_PROBLEM TO WORK ON_:
With the pictures left out, write out exactly the lines of the listing below that run from the line with "Нарежьте сыр брусочками, а" through the line with "Школьная форма костюм".

_RECORDS SHOWN_:
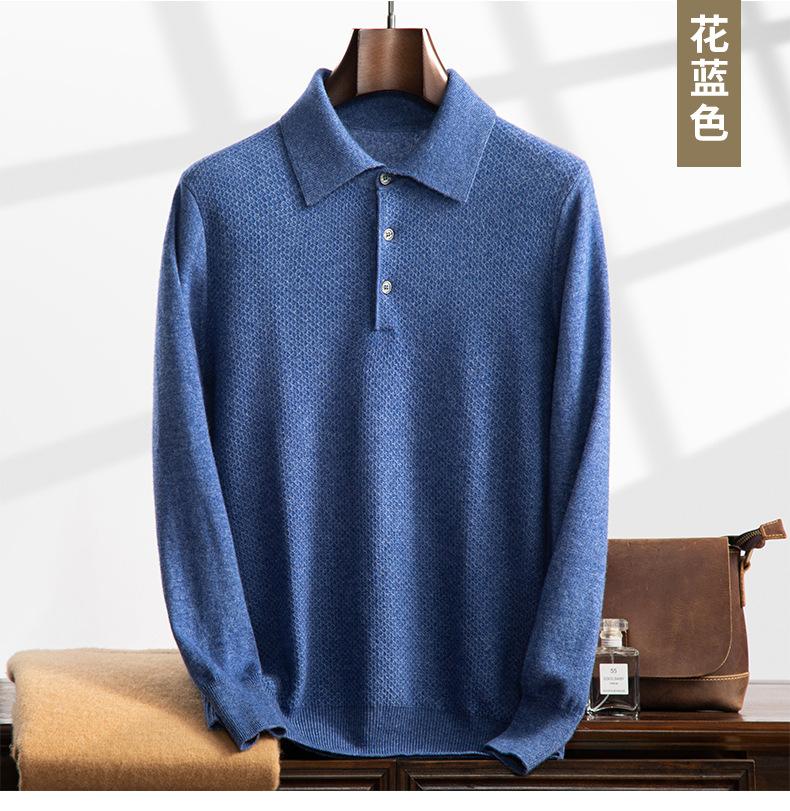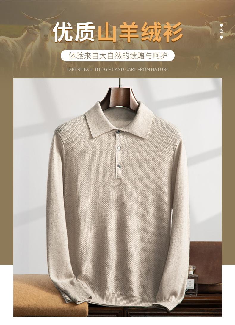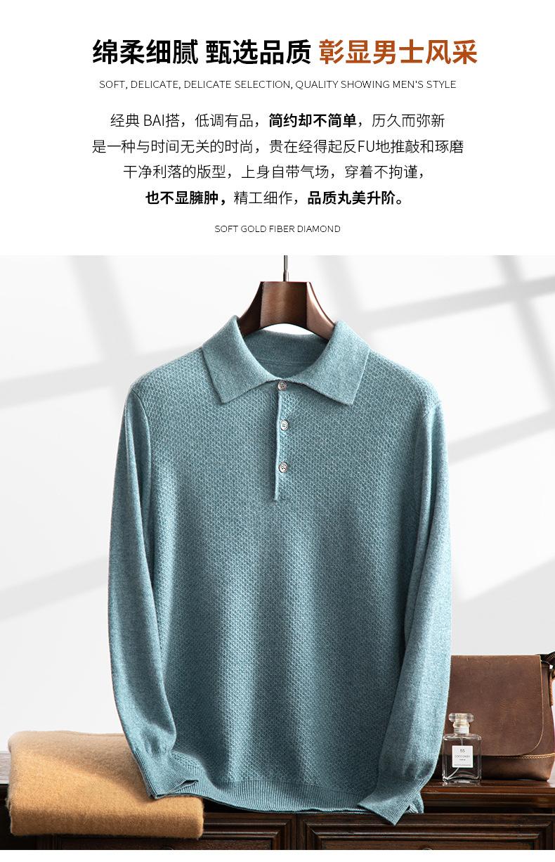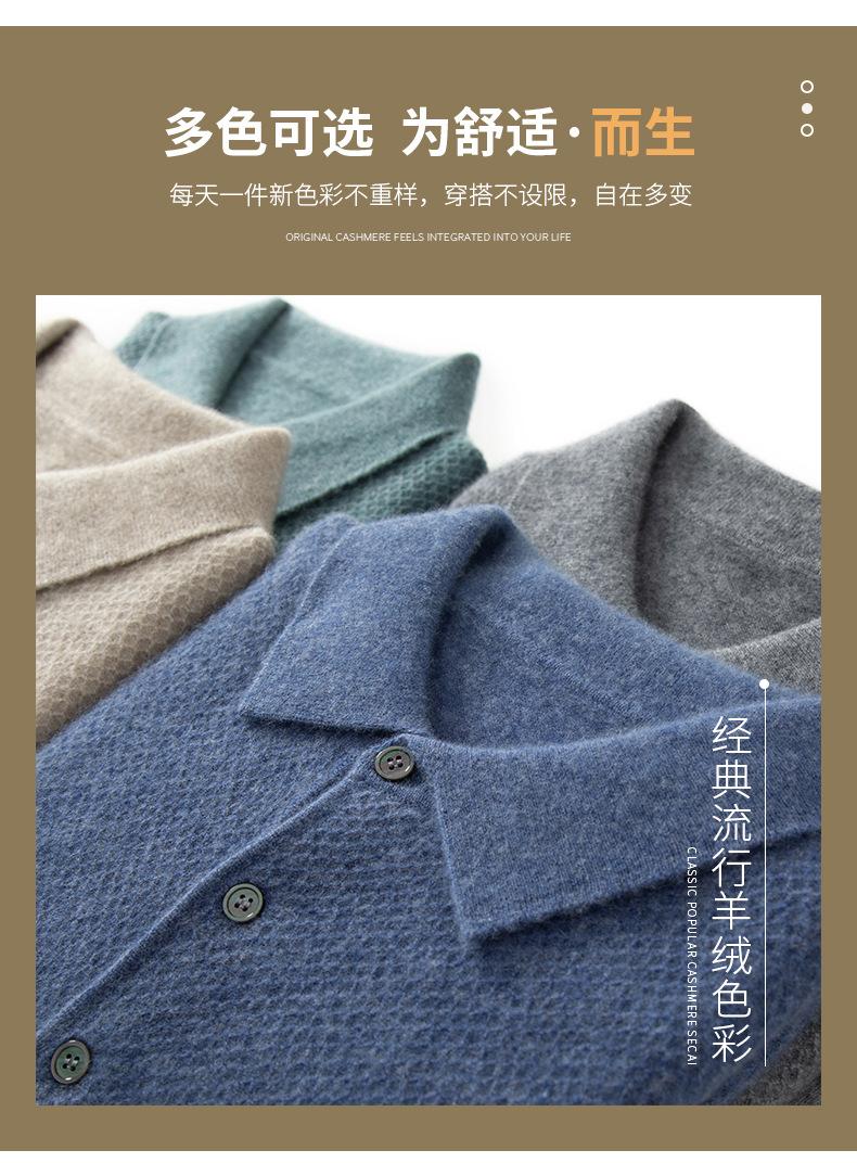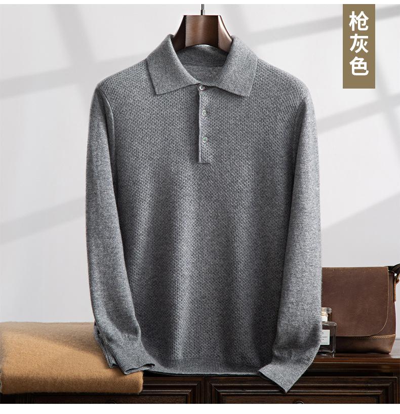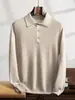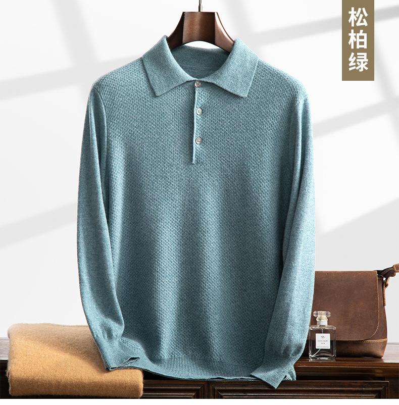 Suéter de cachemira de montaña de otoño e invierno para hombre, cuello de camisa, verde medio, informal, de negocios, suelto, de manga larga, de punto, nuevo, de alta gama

--

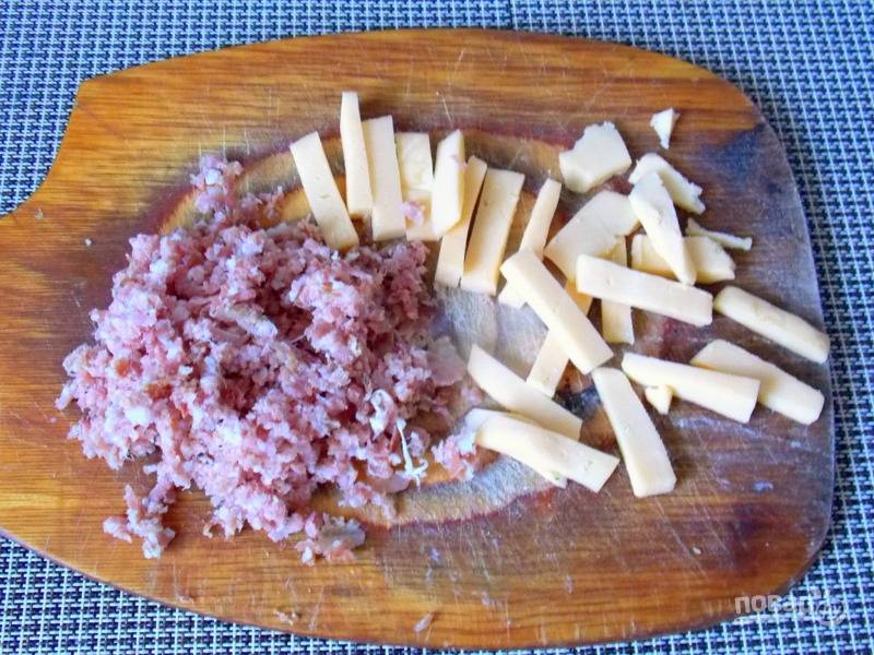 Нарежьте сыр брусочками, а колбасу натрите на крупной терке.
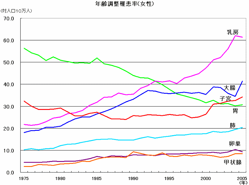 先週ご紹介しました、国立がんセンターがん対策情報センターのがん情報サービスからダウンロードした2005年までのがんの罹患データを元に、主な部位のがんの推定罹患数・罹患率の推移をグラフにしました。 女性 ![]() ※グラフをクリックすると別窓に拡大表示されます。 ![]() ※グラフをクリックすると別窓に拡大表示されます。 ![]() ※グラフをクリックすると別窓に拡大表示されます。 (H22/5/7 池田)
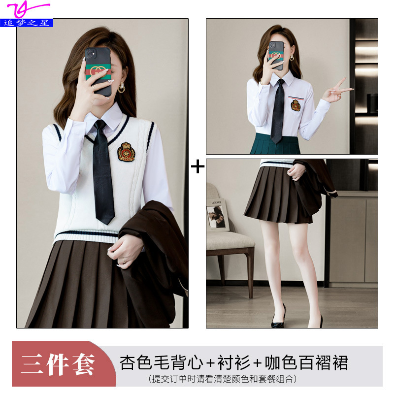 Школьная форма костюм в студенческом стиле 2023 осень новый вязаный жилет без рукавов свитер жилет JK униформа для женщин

_EXERCISE SOLUTION_:
 Нарежьте сыр брусочками, а колбасу натрите на крупной терке.
 先週ご紹介しました、国立がんセンターがん対策情報センターのがん情報サービスからダウンロードした2005年までのがんの罹患データを元に、主な部位のがんの推定罹患数・罹患率の推移をグラフにしました。 女性 ![]() ※グラフをクリックすると別窓に拡大表示されます。 ![]() ※グラフをクリックすると別窓に拡大表示されます。 ![]() ※グラフをクリックすると別窓に拡大表示されます。 (H22/5/7 池田)
 Школьная форма костюм в студенческом стиле 2023 осень новый вязаный жилет без рукавов свитер жилет JK униформа для женщин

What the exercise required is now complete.